**Work task:** Look through the listing below for the line with "玩家只有对古妖深入了解之后才" and the line with "충격적인 사실은 해당". Copy both, along with every line between them, exactly and with no pictures.

**Data supplied:**
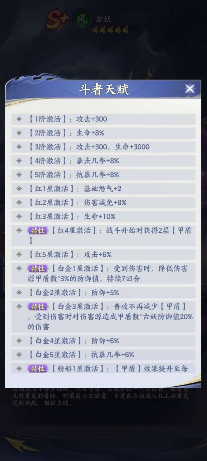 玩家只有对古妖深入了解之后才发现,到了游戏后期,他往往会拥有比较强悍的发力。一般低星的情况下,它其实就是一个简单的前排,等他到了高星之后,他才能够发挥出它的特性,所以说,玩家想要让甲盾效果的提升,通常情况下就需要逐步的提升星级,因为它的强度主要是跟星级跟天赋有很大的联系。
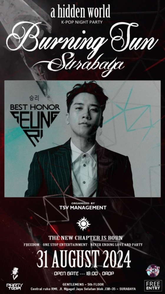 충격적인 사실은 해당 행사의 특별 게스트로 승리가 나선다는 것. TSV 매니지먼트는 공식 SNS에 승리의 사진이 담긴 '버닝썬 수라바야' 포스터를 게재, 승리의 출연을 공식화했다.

* * *

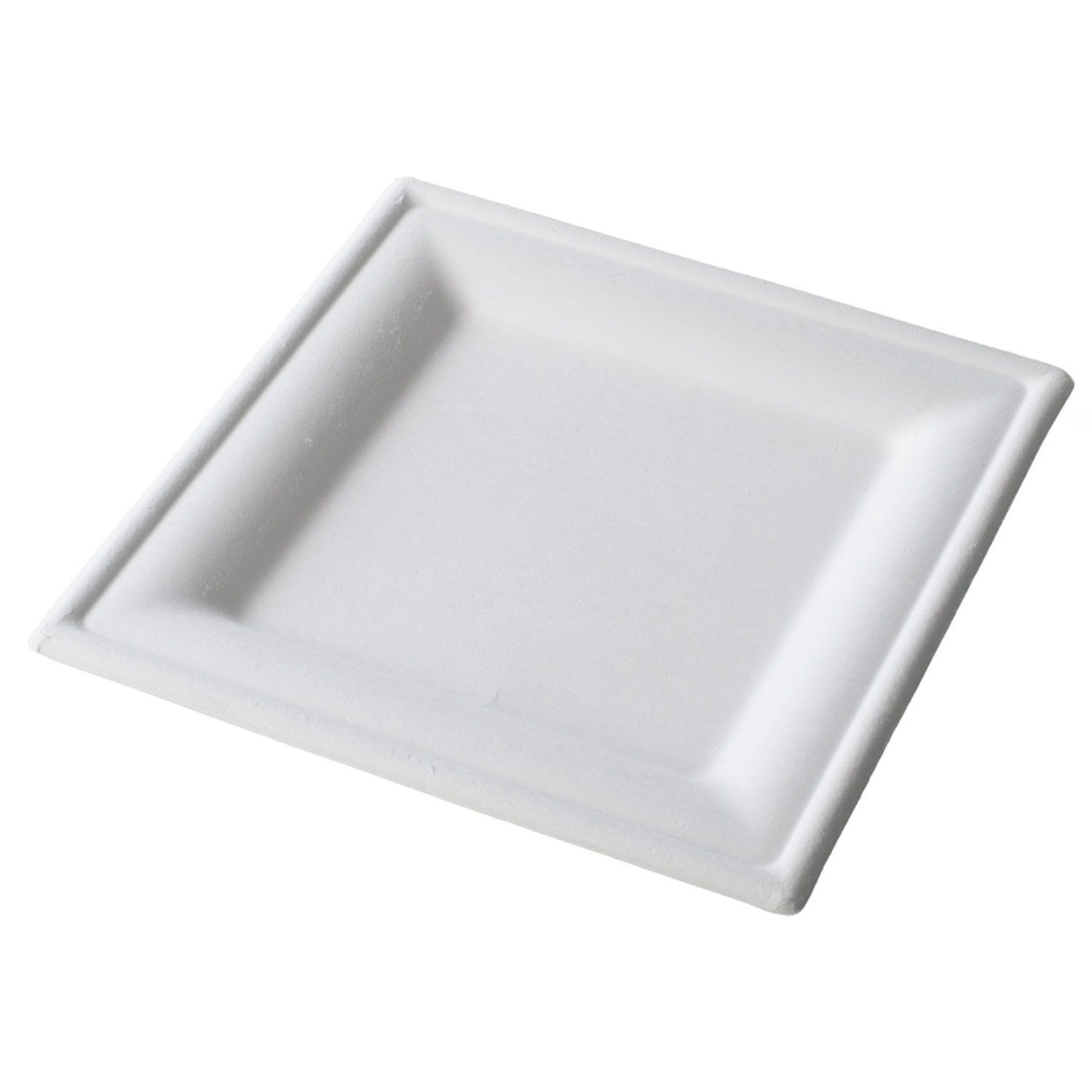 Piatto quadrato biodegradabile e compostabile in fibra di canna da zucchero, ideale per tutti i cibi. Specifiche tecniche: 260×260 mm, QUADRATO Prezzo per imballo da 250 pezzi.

**Response for this exercise:**
 玩家只有对古妖深入了解之后才发现,到了游戏后期,他往往会拥有比较强悍的发力。一般低星的情况下,它其实就是一个简单的前排,等他到了高星之后,他才能够发挥出它的特性,所以说,玩家想要让甲盾效果的提升,通常情况下就需要逐步的提升星级,因为它的强度主要是跟星级跟天赋有很大的联系。
 충격적인 사실은 해당 행사의 특별 게스트로 승리가 나선다는 것. TSV 매니지먼트는 공식 SNS에 승리의 사진이 담긴 '버닝썬 수라바야' 포스터를 게재, 승리의 출연을 공식화했다.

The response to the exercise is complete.